We will never know what the infection rate was back in January and February – in the UK or anywhere else – and how it varied through time, across different areas, age groups, sex, and other cohorts – the kind of data that Ipsos MORI and other statistical research agencies routinely inundate us with, ahead of elections and in myriads other circumstances. Sure, a viral test is not as easy to carry out as a telephone interview. And, despite earlier warnings at the highest levels, testing capacity back then was widely insufficient. But the mystery is that random testing was nowhere even considered as an option, including – as far as I can tell – in biostatistics and statistical epidemiology departments. The only option on the table were blanket lockdowns, with national governments left to decide their intensity and people left to dread their worst nightmares and bear all costs, in the name of a comforting but misleading precautionary principle.
It is entirely possible that, despite showing cross-sectional and temporal variation, Base Rate data would have been judged too high to leave any alternative to the adopted lockdown policies. But the point is: what is too high? Is the current infection rate in England too high? Presumably not, given that lockdown measures are being relaxed. As the rate has been coming down since late April, it is reasonable to presume that is was higher earlier on. But how high? Was it 1%? 5%? 10%? We’ll never know. And, crucially, whatever it was, it was an average number, higher in certain areas and lower in others, higher for certain cohorts and lower for others, and varying through time. Such critical information would have been of great help in modulating restriction policies, intensifying them where needed and diminishing or even excluding them elsewhere.
Oh well, too late. But the point seems to be finally coming across. Hopefully, there won’t be a Wave 2. But, just in case, random testing will provide more visibility to navigate through its containment.
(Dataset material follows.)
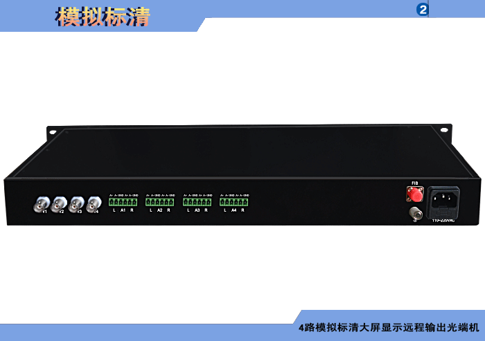 4路模擬標清視頻大屏顯示遠程輸出發射光端機,,模擬/數字音頻可選,單模/多模,1/2纖,ST/FC/SC/LC/SFP光接口,1U機架,通用型,非網管/網管/帶光纖數字診斷網管 |

I am looking forward to taking my test. Thanks to the ONS Base Rate estimate, and not having any symptoms, I am almost sure I will come out negative. The letter does not specify the test’s accuracy – it just says in the Additional Information overleaf that ‘test results are not 100% accurate’. As we have seen, Base Rate estimation does not require high accuracy: as long as its accuracy level is known, any test would do (the same point is made here). But of course accuracy is important at the individual level. So what will happen in the unlikely event that I result positive? It depends. It would be bad news is the test has maximum Specificity – a Smoking Gun: FPR=0%. If not, however, a positive result will very likely be a False Positive. Hence it would be wrong to interpret it as proving that I am infected. Before reaching that conclusion, I would want to repeat the test and, if I am positive again, repeat it a third time.
I hope that this point will be well clarified to the unlucky positives and that they will not be rushed into isolation.